Dangerously hot conditions expected as heatwave strikes south-west US | Extreme heat

Parts of California, Nevada and Arizona are expected to bake this week as the first heatwave of the season arrives with triple-digit temperatures forecast for areas including Phoenix, which last summer saw a record 31 straight days of at least 110F (43.3C).

By Wednesday, most of an area stretching from south-east California to central Arizona will see “easily their hottest” weather since last September, and record daily highs could be seen from Las Vegas to Phoenix, the National Weather Service said late on Monday.

Excessive heat warnings have been issued from 10am Wednesday to 8pm Friday due to the “dangerously hot conditions”, the weather service said.

Fire crews will be on high alert especially in Arizona, where fire restrictions went into effect before Memorial Day in some areas and will be ordered by Thursday across most of the western and south-central parts of the state, authorities said.

Fire forecasters at the Southwest Coordination Center in Albuquerque, New Mexico, said weather in the region does not typically become so hot until mid- or late June.

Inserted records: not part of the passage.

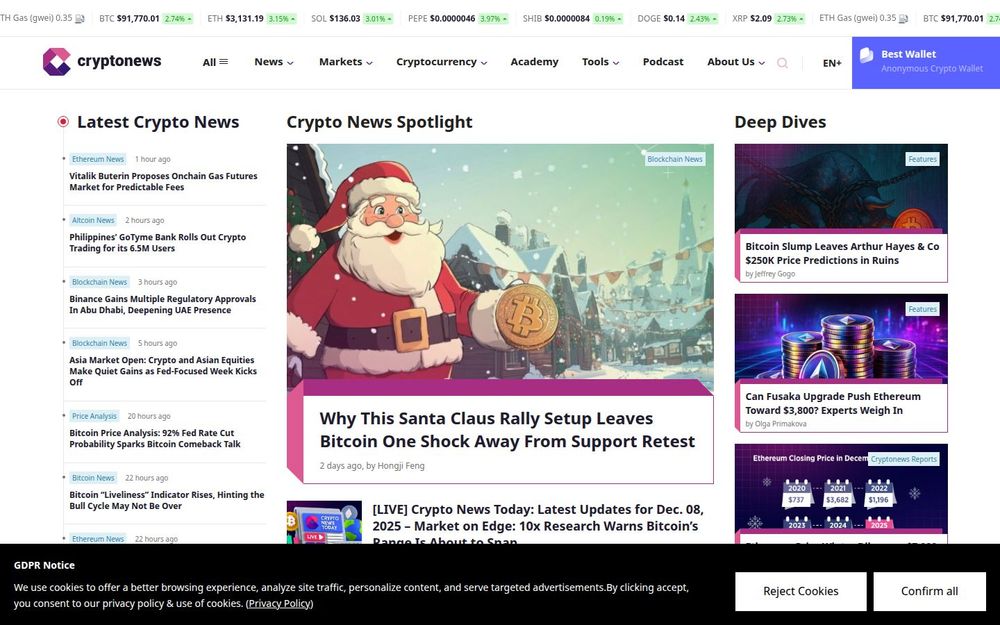 Cryptonews 是一个面向全球的加密货币新闻与分析网站,致力于为读者提供及时、全面且多样化的区块链与加密资产内容。平台涵盖市场快讯、深度专题、研究报告、价格分析以及教育型内容,旨在帮助用户理解加密市场的动态、风险与机会。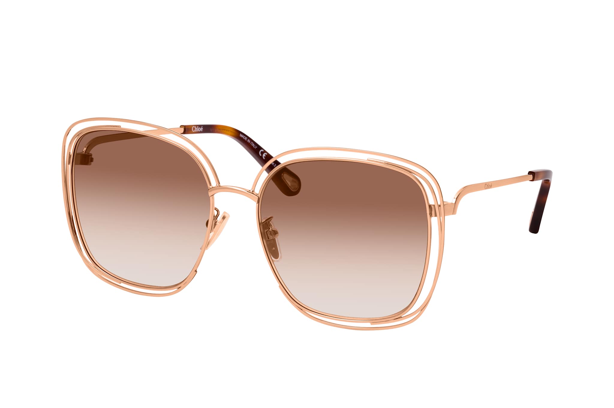 Chloé CH 0077SK 002, Cat Eye Sonnenbrille Damen. Farbe: Roségold, Größe: Medium, Rahmentyp: FULLFRAME, Brillenbreite: 136mm, Glashöhe: 54mm, Material: Metall. Stegbreite: 16mm. Glasfarbe: Braun. Mit UV400-Filter. Hersteller: Kering Eyewear DACH GmbH. Style: EXTRAVAGANT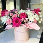 Хризантема кустовая - 2 шт. Гвоздика - 5 шт. Коробка шляпная большая - 1 шт. Хризантема одноголовая белая - 3 шт. Спрей роза - 3 шт. розы - 6 шт.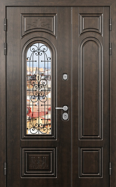 Двупольная стальная дверь со стеклопакетом и кованым узором №24 станет отличным выбором для тех, кто ценит не только безопасность, но и стиль. Внешняя и внутренняя отделка выполнены из МДФ, что придает двери элегантный и современный вид, а также обеспечивает высокую устойчивость к механическим повреждениям и износу. Стеклопакет и кованые элементы добавляют изысканности и уникальности, при этом сохраняя прочность конструкции. Двупольная стальная дверь со стеклопакетом и кованым узором №24 от производителя: быстрое изготовление и монтаж в Протвино, индивидуальные размеры, широкий выбор материалов и фурнитуры, официальная гарантия до 10 лет.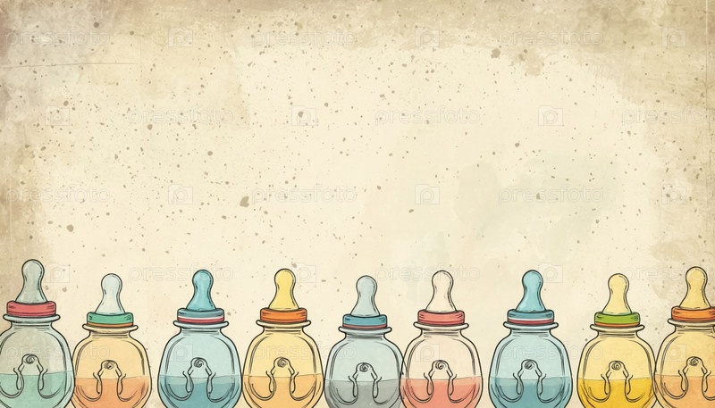Grunge aged background with baby doodle рисунок бутылок с соску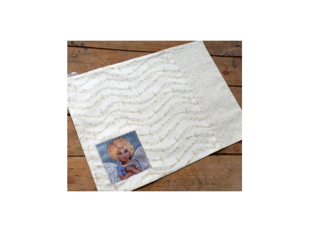 látka se zlatým potiskem, okolo obrázku vyšívané.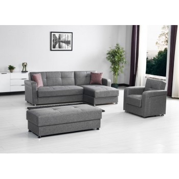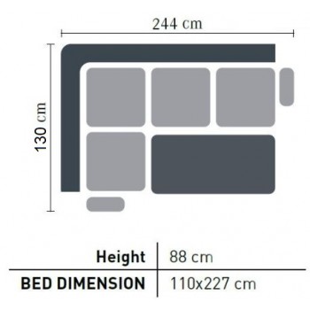• Il divano è reversibile, la penisola può essere posizionata a destra o a sinistra. Inoltre può essere trasformato in un divano letto.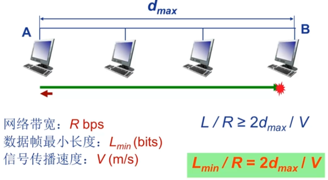 上图中如果B发送数据帧很小,B发送完此数据帧后,由于传播延迟,还没到达D,而B已经结束监听,B会认为没有发生冲突,而其实已经发生了冲突,因为D也向信道上发数了据帧。为什么会产生这种情景,这是因为B发送的数据帧太小造成的。因此在CSMD/CD中有个很重要的概念是:最小数据帧长度。

“It does seem like Mother Nature is turning up the heat on us a little sooner than usual,” Tiffany Davila, spokesperson for the Arizona department of forestry and fire management, said on Monday evening.

Highs on Monday reached 110F (43.3C) at Death Valley national park in California near the Nevada border, 103F (39.4C) in Phoenix and 105F (40.5C) in Needles, California.

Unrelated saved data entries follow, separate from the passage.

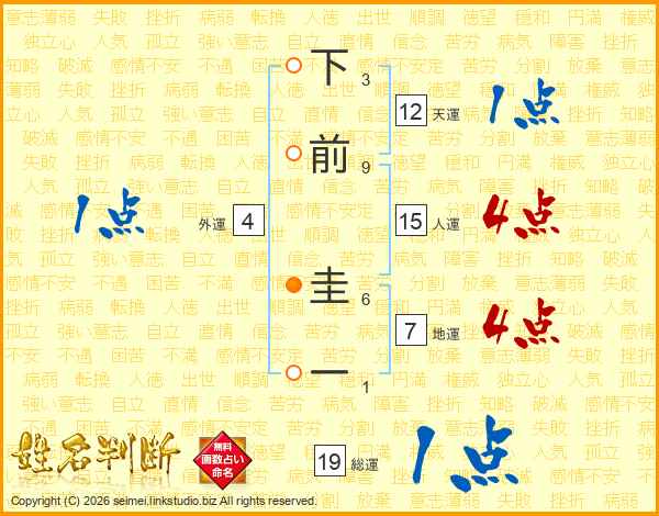 生活面を象徴する運勢です。外部から受ける影響力を表し、結婚運、家庭運や職場、環境への順応性を表します。総運から人運を引いた画数。姓や名が1文字の場合を除く。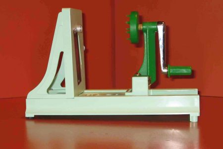 The turning vegetable slicer can be described as a “rotating mandoline.” It is a tool that looks like a lathe. On the fixed end is a short holding shaft and one fixed knife blade and one toothed blade. On the moveable end, which rides on a track, is a crank that turns another short holding …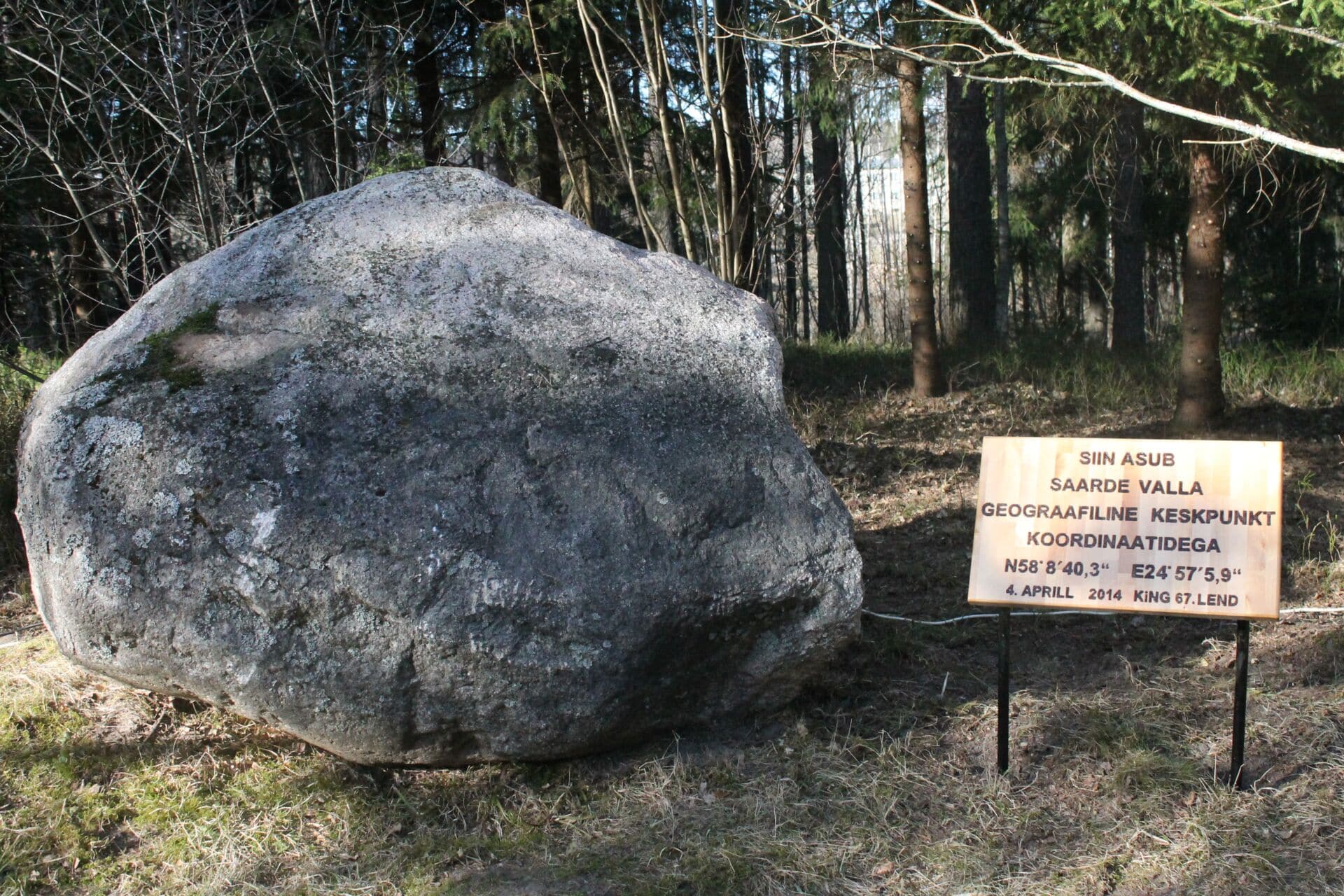 Saarde valla geograafilist keskpunkti tähistav kivi on pärit Soobiku talu pererahvalt. Kivi sai paika tänu hr Aldo Avastele ja Peep Paimrele. Tahvli, kuhu on märgitud Saarde valla täpsed geograafilise keskpunkti koordinaadid, valmistas Leho Paru. Idee pärineb kooli direktorilt hr Erli Aasametsalt. Ettevõtmise korraldas Kilingi-Nõmme Gümnaasiumi 67. lend.

Slightly above normal temperatures are forecast for the region on Tuesday before they start heating up on Wednesday.

In Las Vegas, where the high topped out at 103F (39.4C) on Monday, temperatures will soar to 10 to 15 degrees above normal during the second half of the week – peaking at 111F (43.8C) on Thursday.

A high of 120F (48.8C) is forecast for Thursday at Furnace Creek in Death Valley.

The current forecasted high of 113F (45C) for Phoenix on Thursday would break the daily record high of 111F (43.8C) set in 2016. Last summer, the high there reached 110F (43.3C) or higher from the last day of June through the entire month of July. At least 400 of the 645 heat-related deaths that occurred last year were during that month-long period.

Phoenix, Maricopa county and Arizona state officials this year are striving to better protect people from ever higher temperatures. Those most in danger from the heat are people outdoors, especially homeless people in downtown areas who often do not have access to sufficient shade, air conditioning and cold water.

Governments this year are setting aside more money so some cooling stations can stay open longer and on the weekends, including two that will keep their doors open overnight.

Meanwhile, California’s largest wildfire so far this year was significantly surrounded on Monday after blackening a swath of hilly grasslands between San Francisco Bay and the Central Valley.

The California department of forestry and fire protection said the Corral fire was 75% contained after scorching more than 22 sq miles (57 sq km).

One home was destroyed and two firefighters were injured. The wind-driven fire erupted on Saturday afternoon and at one point thousands of people were under evacuation orders.